Natalia Ginzburg: la Lunga Strada Verso la Città

Creato il 14 settembre 2011 da Dietrolequinte @DlqMagazine

Non tutte le ragazze che vivevano in famiglie povere erano dolci, brave, serie, o per meglio dire “attente all’occhio sociale”, come la famosa Mena dei Malavoglia. C’erano altre ragazze che se ne infischiavano della famiglia e pensavano solo ai propri comodi, come Delia e i suoi fratelli: protagonisti del romanzo d’esordio di Natalia Ginzburg, pubblicato nel 1942 con lo pseudonimo Alessandra Tornimparte a causa delle leggi razziali che, tra il 1940 e il 1943, la costrinsero, essendo ebrea, a vivere “in confino” a Pizzoli, in Abruzzo. L’autrice del ben più famoso “Lessico famigliare” (1963) rivela già nel libro d’esordio la sua vena schietta e priva di sentimentalismi, capace di trasmettere con pacatezza e semplicità quella dura realtà in cui vivono i suoi personaggi. Una realtà che mal sopportano e che tentano invano di aggirare, trasgredendo alle “normali” regole che dovrebbero governare una famiglia: il senso del decoro, la volontà di mettersi al servizio di tutti per stare meglio, la collaborazione. Ma perfino il padre è cosciente del fatto che la colpa non è dei ragazzi, ma sua e di sua moglie, i quali non hanno saputo educarli. Fatto sta che Delia a sedici anni sogna ingenuamente di sposarsi come la sorella Azalea per fuggire via dalla casa in cui è cresciuta e che detesta; tanto da correre via ogni giorno, con il fratello più piccolo Giovanni e con Nini (parente lontano che ha vissuto fin da piccolo con loro), per la strada che va in città. Quest’ultima rappresenta per la protagonista, non solo una via di scampo, un piccolo paradiso dove ritemprare lo spirito, ma il punto nevralgico della sua vicenda. Prima fugge di casa per raggiungere la città, poi dovrà fuggirla per via dello scandalo e in seguito vi ritornerà da “trionfatrice”, quando la sua trasformazione da ragazzina a donna sarà completa. In città si scoprirà a conoscere due tipi di amore: uno frivolo e ingannatore, l’altro ben più profondo e sincero.

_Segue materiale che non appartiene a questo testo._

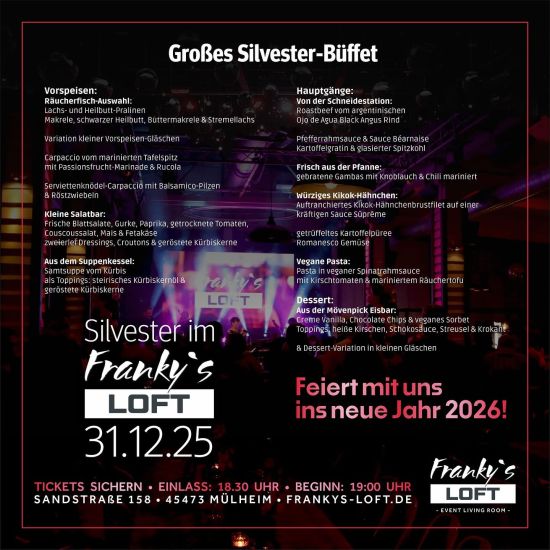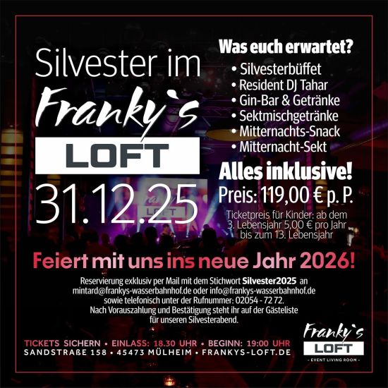 Feiert mit uns die legendäre Silvesternacht im frisch modernisierten Franky’s LOFT und stoßt gemeinsam mit uns auf ein grandioses 2026 an.
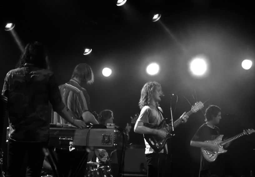Waar The Super Soakers niet veel tijd verspillen tussen de nummers door, verspillen King Gizzard and the Lizard Wizard in het geheel geen tijd, want de songs lopen in elkaar over, waarbij die songs regelmatig wel wat kunstmatig aan elkaar worden geplakt, bijvoorbeeld door slechts de drums door te laten spelen voordat het volgende nummer wordt ingezet. Die drums wordt door twee simultaan spelende slagwerkers verzorgd, wat een mooi gezicht is. Frontman Stu MacKenzie speelt gitaar en zingt, maar speelt ook dwarsfluit. Naast MacKenzie telt de band nog twee gitaristen, maar van een dichtgeplamuurd geluid is gelukkig geen sprake. Sterker nog: de gitaren zijn goed van elkaar te onderscheiden, want het geluid in het nieuwe Doornroosje is erg goed.

Ma da superficiale e inesperta adolescente cederà alle lusinghe del primo senza riconoscere il secondo, se non dopo che ormai tutto è cambiato e nessuna scelta è più plausibile. Sembrerà assurdo, ma non c’è premeditazione, non c’è calcolo nella scelta di Delia che si lascia guidare solo dal suo istinto. Non sono i soldi che le interessano e neanche uno status sociale, ma la libertà. Perché in fondo solo questa interessa alla protagonista, ma gliene viene concessa tanta da farla ubriacare e permetterle di mettersi da sola con un piede nella fossa. Tanta spensieratezza offuscata dall’ignoranza. Una vita passata a sfuggire la noia che rimane sempre acquattata dietro l’angolo, anche quando si è raggiunto il proprio obbiettivo. E forse è questo il tema centrale del romanzo: la noia. Tutti soffrono di noia: Delia che non sopporta la sua piccola e sudicia casa, Nini che passa il tempo a leggere e a bere, Giovanni che appena può scappa in città, Azalea che insoddisfatta della sua vita va in cerca di amanti, Giulio che pur essendo impegnato con lo studio va a caccia e non dimentica di accattivarsi Delia. Una noia che non abbandonerà la protagonista neanche alla fine del romanzo, quando si trova seduta in un bar a parlare del più e del meno con suo fratello e Antonietta (una brava donna con cui Giovanni si intrattiene) senza il coraggio di parlare della disgrazia, “perché i morti fanno paura”. E non stupisce che una persona così superficiale come la protagonista abbia paura della morte e non desideri parlarne. Forse è per lei un argomento troppo profondo, un argomento che la scuoterebbe troppo dal suo quieto e noioso vivere pieno di agiatezze. Ma guardando ad oggi non sembra ci siano particolari differenze, se non nella consapevolezza di determinati meccanismi. Una consapevolezza necessaria per affrontare il mondo senza perdere la strada come Delia.